13 March 2016

2.261: WTF Job Hunts?


WTF Job Hunts?!

This is not a new topic for me.  In fact, the topics of unemployment and employment searches have featured heavily on this site.  And despite the many times have I ranted about these topics, I am never satisfied.  This past week has been just another week of frustrations as I struggle to reestablish myself in the workforce.  On 29 February, I interviewed for a position so suited for me one would have honestly believed that things were turning the corner for me:  WRONG!  As you know, the interview did not satisfy my meticulous standards for success (in fact, I wrote about the interview across the duration of two posts last week):  I stumbled on words, I went off on tangents, and I may have been too blunt for the tastes of my interviewers.  But I still felt confident in the fact that my strong resume and professional experience in related fields would carry me forward into the position; I was wrong again.

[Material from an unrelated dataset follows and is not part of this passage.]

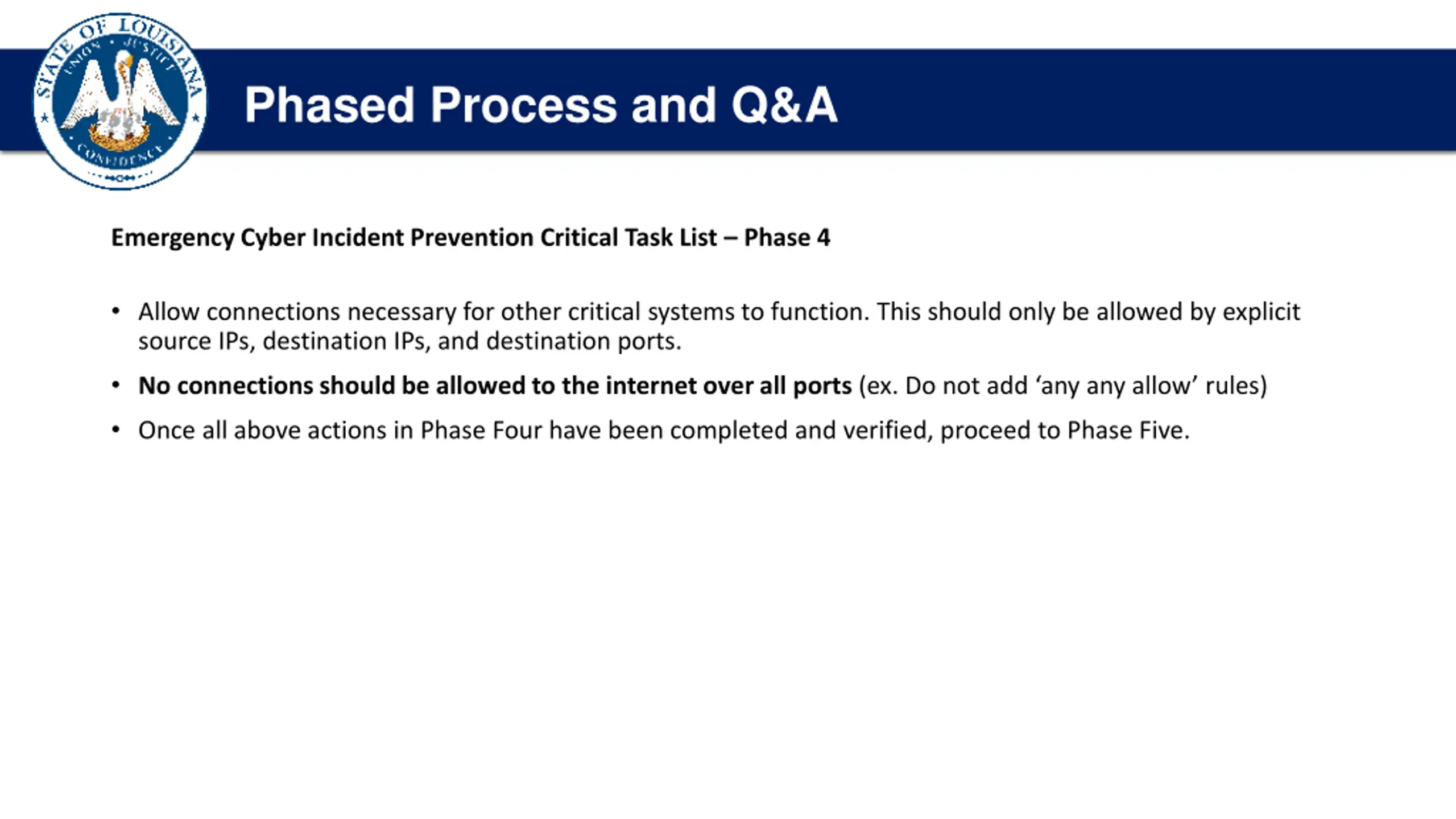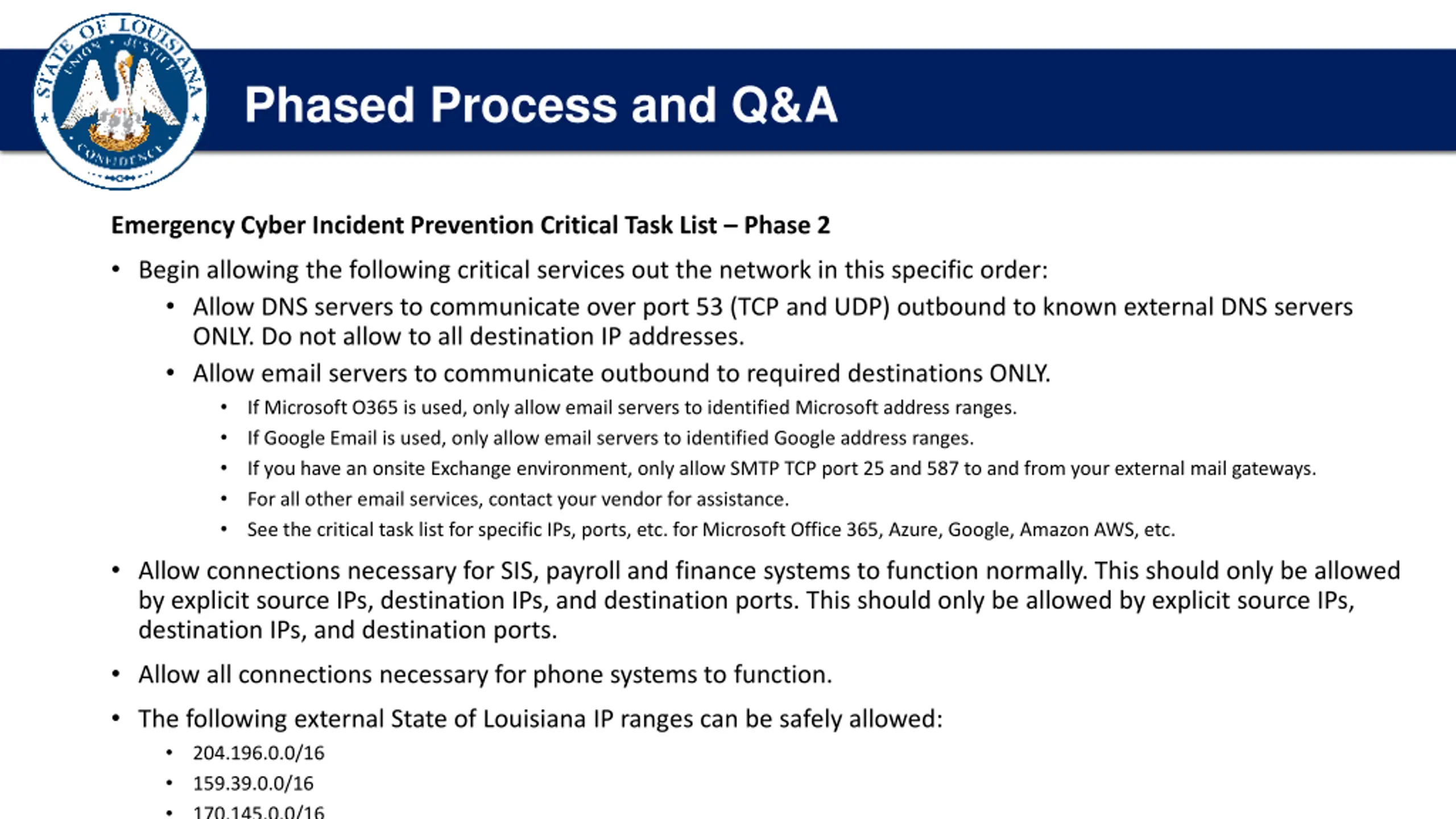 Introduction and Opening Comments Phased Process and Q&A Emergency Cyber Incident Prevention Critical Task List Phase 2 Begin allowing the following critical services out the network in this specific order: Allow DNS servers to communicate over port 53 (TCP and UDP) outbound to known external DNS servers ONLY. Do not allow to all destination IP addresses. Allow email servers to communicate outbound to required destinations ONLY. If Microsoft O365 is used, only allow email servers to identified Microsoft address ranges. If Google Email is used, only allow email servers to identified Google address ranges. If you have an onsite Exchange environment, only allow SMTP TCP port 25 and 587 to and from your external mail gateways. For all other email services, contact your vendor for assistance. See the critical task list for specific IPs, ports, etc. for Microsoft Office 365, Azure, Google, Amazon AWS, etc. Allow connections necessary for SIS, payroll and finance systems to function normally. This should only be allowed by explicit source IPs, destination IPs, and destination ports. This should only be allowed by explicit source IPs, destination IPs, and destination ports. Allow all connections necessary for phone systems to function. The following external State of Louisiana IP ranges can be safely allowed: 204.196.0.0/16 159.39.0.0/16 170.145.0.0/16

All my life, I have been told that employers would hire the "most qualified" person for the position and that our nation's workforce was built on a foundation of success based on merit.  And yet, I remain unemployed (and in many cases, I do not even garner an interview) while woefully underqualified individuals sit in positions that pay nearly twice as much as I have ever been paid.  Look, I am not looking for handouts and I am not looking for pity, but if you are one to feed a line of bullshit about merit and qualifications; then I am going to call you out for being full of shit and spreading lies to impressionable youths.  I am sick and tired of the endless games, faceless screeners, and bold-faced liars I have encountered during this employment search.  I am desperate to work in a position I love, but the doors keep being closed on me before I even have an opportunity to prove my worth.

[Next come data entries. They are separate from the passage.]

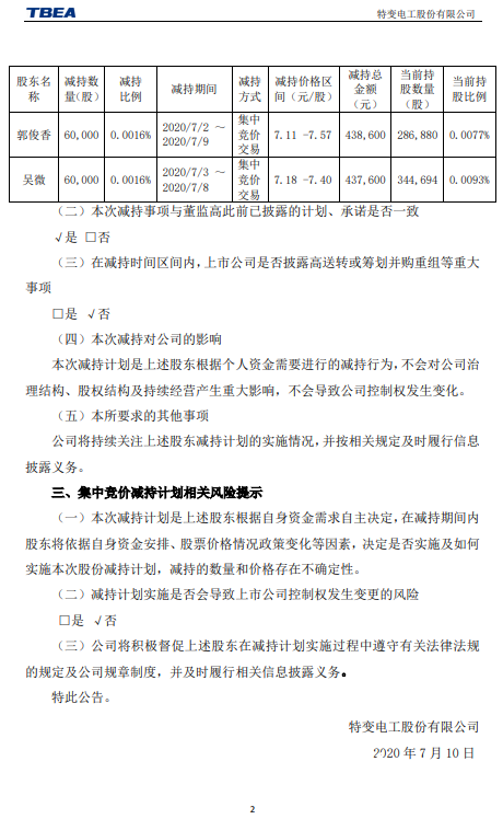 另外,特变电工表示,本次减持计划是上述股东根据个人资金需要进行的减持行为,不会对公司治理结构、股权结构及持续经营产生重大影响,不会导致公司控制权发生变化。
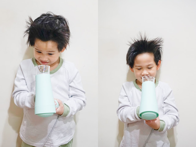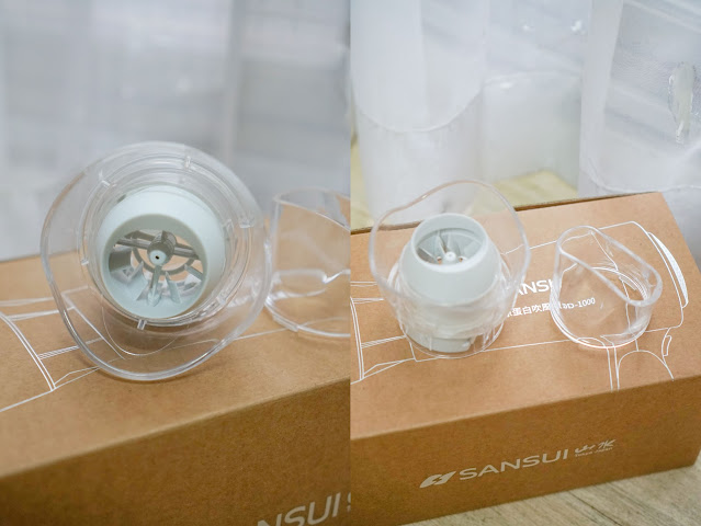旋轉吹嘴裡面有棉墊容器,從卡榫拿出網狀造型的容器,打開後滴入膠原蛋白玻尿酸美髮液。
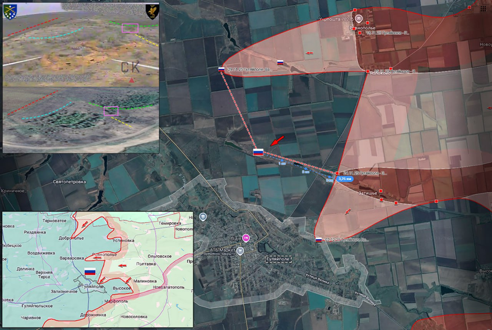 02.12.25 Гуляйполе. Позиционные боевые действия в районе Гуляйполя. ВС РФ продвинулись более 5 км на северном охвате Гуляйполя и заняли новые позиции в опорном пункте. Передовая позиция попала под огонь ВСУ.

So, seriously?  WTF?  How am I and millions of others in my situation supposed to believe in the "American dream"?  Simple, we are not.  The American dream is dead and even before it saw its own demise many decades ago, the "dream" was only accessible to a handful of people that met certain "qualifications".  Instead, rather than reach for a dream that was never within our grasp, we must strive to carry on and raise a middle-finger to the corporate shills and the purveyor of false hopes and lies.  The search for work continues, but the belief is diminished.